Francesco Sassi, an energy researcher based in Bologna, says: “Western technologies are required to bring production back.” These technologies include large compressors and giant platforms.

On the other side of the Gulf, Qatar is also installing platforms to boost pressure as it expands LNG exports to 142 million tonnes – almost 7,000 billion cubic feet – a year, by 2030.

The development “could seriously jeopardise Iran’s possibility to ramp up production from the shared reserve,” Sassi says.

Rahmat says that if South Pars production declines, Iranian industries such as petrochemicals, steel and cement “will collapse”. 

Even if Iran develops other gas fields, including Kish, North Pars and Eram, he says, “power plants will have to use fuel oil, increasing their costs dramatically and boosting the already serious environmental crisis.”
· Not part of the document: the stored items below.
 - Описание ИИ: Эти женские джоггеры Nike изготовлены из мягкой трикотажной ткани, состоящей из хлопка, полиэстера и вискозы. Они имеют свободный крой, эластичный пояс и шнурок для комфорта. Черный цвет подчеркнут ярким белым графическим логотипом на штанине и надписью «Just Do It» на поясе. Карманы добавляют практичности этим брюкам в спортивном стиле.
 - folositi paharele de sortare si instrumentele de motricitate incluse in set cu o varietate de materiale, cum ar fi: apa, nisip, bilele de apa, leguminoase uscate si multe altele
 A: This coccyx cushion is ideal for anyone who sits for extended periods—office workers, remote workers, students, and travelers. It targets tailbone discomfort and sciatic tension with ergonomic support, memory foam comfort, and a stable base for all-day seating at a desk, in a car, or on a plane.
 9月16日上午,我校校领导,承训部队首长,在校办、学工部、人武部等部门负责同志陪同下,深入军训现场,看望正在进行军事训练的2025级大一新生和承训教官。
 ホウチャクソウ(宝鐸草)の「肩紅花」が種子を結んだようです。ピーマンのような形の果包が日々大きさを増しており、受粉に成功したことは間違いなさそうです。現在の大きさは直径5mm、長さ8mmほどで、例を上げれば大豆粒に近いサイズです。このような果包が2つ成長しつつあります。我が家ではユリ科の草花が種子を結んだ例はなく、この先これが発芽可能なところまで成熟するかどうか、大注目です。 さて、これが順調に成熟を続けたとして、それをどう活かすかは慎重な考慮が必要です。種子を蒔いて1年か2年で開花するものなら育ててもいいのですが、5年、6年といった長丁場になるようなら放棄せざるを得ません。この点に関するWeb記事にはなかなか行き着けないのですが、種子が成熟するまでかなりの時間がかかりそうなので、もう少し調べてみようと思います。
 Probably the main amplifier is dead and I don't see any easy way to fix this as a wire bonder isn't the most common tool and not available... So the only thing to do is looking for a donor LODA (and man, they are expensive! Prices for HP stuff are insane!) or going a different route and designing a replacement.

Power plants will have to use fuel oil, increasing their costs dramatically

Iran is the fourth-largest gas consumer in the world, burning five times more than Turkey and twice the amount used by Canada. Rising consumption and wastage, analysts say, have led to severe supply shortages. As a result, Iran has not yet been able to develop significant exports. 

The International Energy Agency says Iran consumed around 847 billion cubic feet of gas in 2022, up by half in a decade. It exports only around 635 billion cf of gas annually by pipelines, mainly to Turkey and Iraq, and has swap deals with Turkmenistan and Armenia. A pipeline project with Pakistan faces delays and objections from the US.

Rahmat says that as Iran’s domestic gas demand increases by 7 percent a year, the country faces a growing gas deficit of up to 10.6 billion cfd in winter, and lower-level shortages in summer.

Subsidised consumption

Gas prices in Iran are heavily subsidised. Households paid only $0.001 per kWh of natural gas in 2023, the cheapest in the world, according to the data website globalpetrolprices.com. The IEA estimates that gas subsidies cost Iran $45 billion in 2022.

Iran said last January it planned to begin LNG production of 1.5 million tonnes, or 72 billion cf, per year at a medium-sized plant at Asaluyeh in 2026, but experts do not believe its ambitions are realistic. 

Work on the “Iran LNG” project at Tombak, near the Gulf port of Assaluyeh, has not progressed since 2013.

Rahmat says that two major shareholders, Oil Pension Fund Investment Company and National Iranian Oil Company, disagree on the project’s feasibility.

Instead, Iran has turned to Russia. Moscow is building the Bushehr nuclear plant and Tehran is a close ally in Russia’s war in Ukraine.

In 2022 Tehran signed an agreement with Gazprom to carry out large and small LNG projects, but little progress has been made.

Iman Nasseri, managing director for the Middle East at Facts Global Energy, an oil and gas consultancy, says that essential infrastructure is missing in the Iran LNG plant, and large amounts of money are needed.

“If the next US president is [Donald] Trump, Iran will have to wait another four years for the sanctions to be eventually lifted, and existing infrastructures are rusted already. So forget about it; we don’t see this scenario to be likely,” Nasseri says.